But I suppose the brain and the heart don’t always work smoothly together, and she really did love him. That’s always been obvious. And maybe, down the road, she’ll be able to remember all the good parts, all the joy, without feeling like she just abandoned them all. And it’s not like they all died, or anything. She may be dead as far as they know, but she’ll always know they’re still there, still living and loving and remembering her. That’s not so shabby, when you think about it.

“Well, nobody’s told me so, you understand,” he said out loud, resolutely ignoring the Gaul behind them, “but my brother Jack used to be up to his armpits in this kind of operation. Based on conversations I had with him, Marinescu and her people are going to have to come up with explanations for our disappearance. We can’t just inexplicably drop out of sight without raising the very questions Houdini’s supposed to prevent. It won’t be the real explanation, and in that sense I suppose we are being dishonest with the people we’ve left behind. But it’ll be the sort of explanation that makes it clear we didn’t deliberately disappear. And that means Jules and your daughters—and my family—won’t think we just abandoned them. I imagine the simplest way to do that will be to convince everyone we’re dead. Probably in an air-car accident, or stepping in front of a ground car, or something like that. It may not make Jules any happier about losing you, but he’s not going to blame you for running away from him if he thinks you’re dead. And the truth is that you really didn’t have much more choice then you would’ve had about a real air-car accident, Lisa. We’re both too deep inside the onion for any other outcome. So, in a way, we’re not being dishonest with the people we love at all. We didn’t leave them because we chose to; we left them because we’re part of something that didn’t give us any choice.”

“I suppose you’re right.” Lisa smiled up at him, briefly, then patted him on the arm. “And at least if I had to drop my entire life without any warning at all, I’ve still got at least one friend I can talk to about it. That’s something.”
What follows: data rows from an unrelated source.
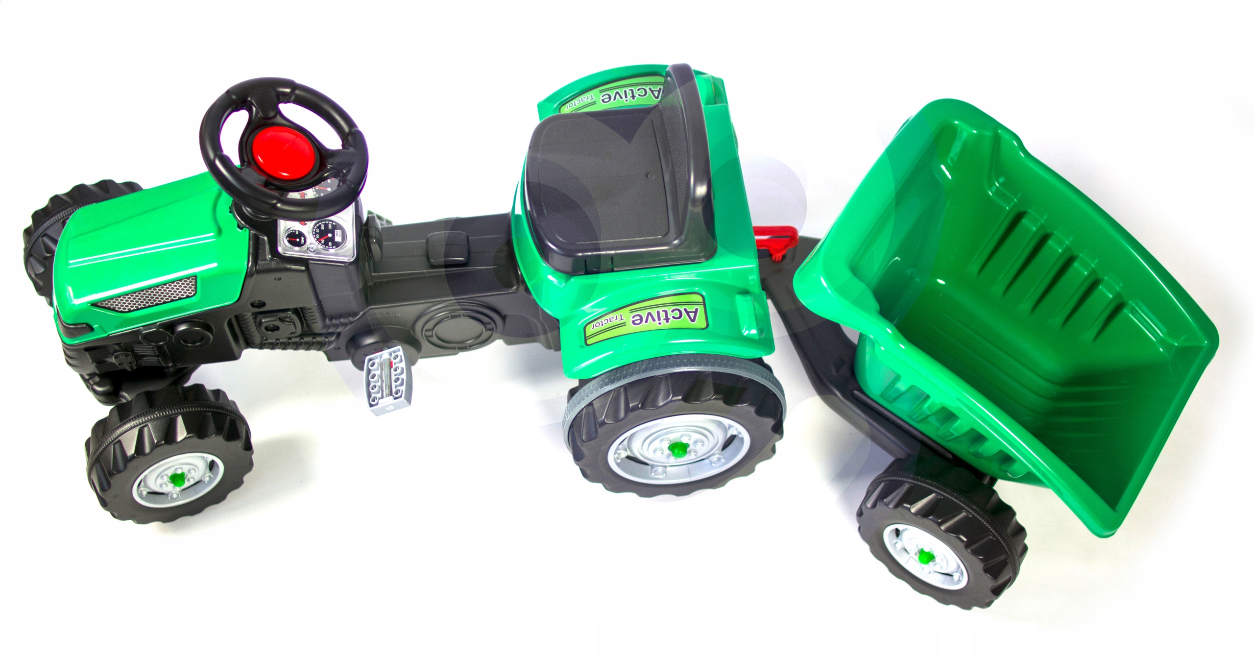 Traktor na pedały MAX z przyczepą w kolorze zielonym to idealna zabawka do rozpoczęcia przygody z pojazdami na pedały.
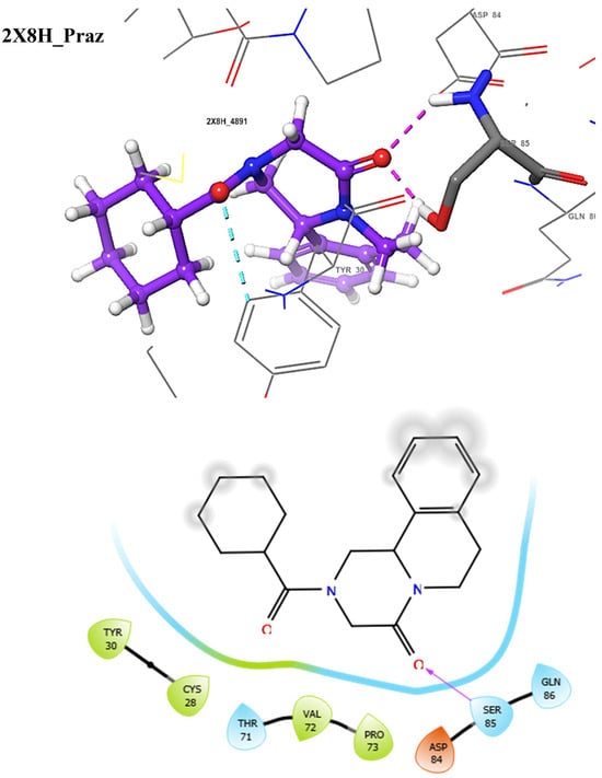 The 3D (top) and 2D (bottom) ligand interactions of the Praziquantel–thioredoxin glutathione reductase complex. The binding site residues’ charges are indicated in the 2D image by the colours red for negative, blue for positive, and white for neutral.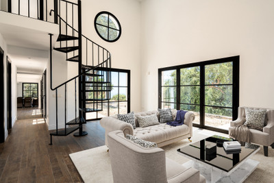 The villa offers 250 m² of interior space, complemented by a separate 30 m² guest studio. The interiors are bright, understated and thoughtfully finished, with a distinctly Scandinavian feel. On the ground floor there are two bedrooms with bathrooms, while a sculptural spiral staircase leads upstairs to an additional en-suite bedroom and an impressive principal suite framed by panoramic windows.
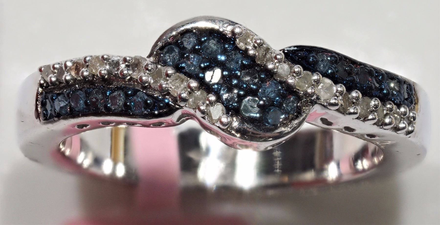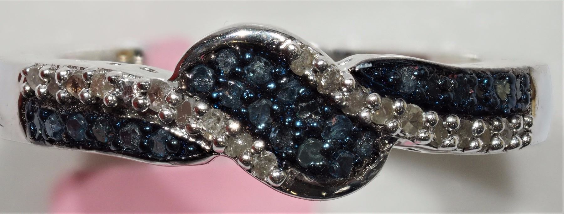 19-NT58- STERLING SILVER BLUE AND WHITE DIAMOND (0.44CT) RING SIZE 6.5 W/COA. SUGGESTED REPLACEMENT VALUE $1056.00. JEWELLERY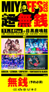 2部 【ミヤフェス2023】 @目黒鹿鳴館 2023年11月5日 投稿者: 宮田 貴史 宮田 貴史 コメントがまだありません Calendar チケット カレンダーに追加 Timelyカレンダーに追加 Googleに追加 Outlookに追加 Appleカレンダーに追加 その他のカレンダーに追加 Export to XML いつ: 2023年11月14日 @ 7:00 PM 2023-11-14T19:00:00+09:00 2023-11-14T19:15:00+09:00 どこで: 目黒鹿鳴館 11/3 23:00 〜開始 11/14(火) 2部 【ミヤフェス2023】 @目黒鹿鳴館 OPEN: 19:00 START:19:30 act. AIBECK LEIWAN EMPATHY #ファンタブラック ①Vチケット 5,000円 囲み写メ 優先入場 ②Gチケット 0円(予約必須) ③当日券2,900円(予約満枠の場合無し) 各1D別 入場順は①②③の順番となります。 投稿ナビゲーション 1部 【ミヤフェス2023】 @目黒鹿鳴館猫乃ねむ子選抜メンバー組閣祭り in 目黒鹿鳴館【1部:LEIWAN 猫乃ねむ子 生誕祭】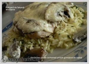 Almalében párolt csirkemell pirított gombával és sajttal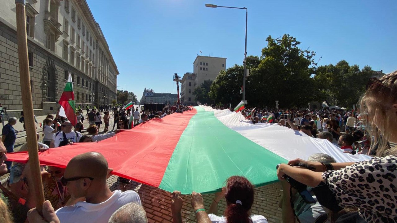 Протестиращите блокираха Триъгълника на властта. От Партийния дом те се придвижиха до Министерски съвет. Под прозорците на правителството демонстрантите скандираха "оставка". Спряно е движението по бул. "Цар Освободител" пред БНБ, а вече и по бул. "Дондуков". На жълтите павета протестиращите опънаха 50-метрово българско знаме. Трибагреникът бе осветен от архимандрит Дионисий.

“And once we get to Darius, we’ll probably find out we have quite a few friends who were on the list,” Zach told her, covering the hand on his forearm with his own. “Once we get past the upheaval, it’ll sort itself out, Lisa. It always does.”

* * *

Rufino Chernyshev reached the final screen, closed the report, and sat back in his chair with a frown. Not because Marinescu’s proposals weren’t workable. In fact, he suspected, the fact that they were workable was what bothered him the most.

Not your call, he reminded himself. And not really your responsibility, either. Which doesn’t change the fact that you wish like hell you were still out in the field getting shot at somewhere, instead.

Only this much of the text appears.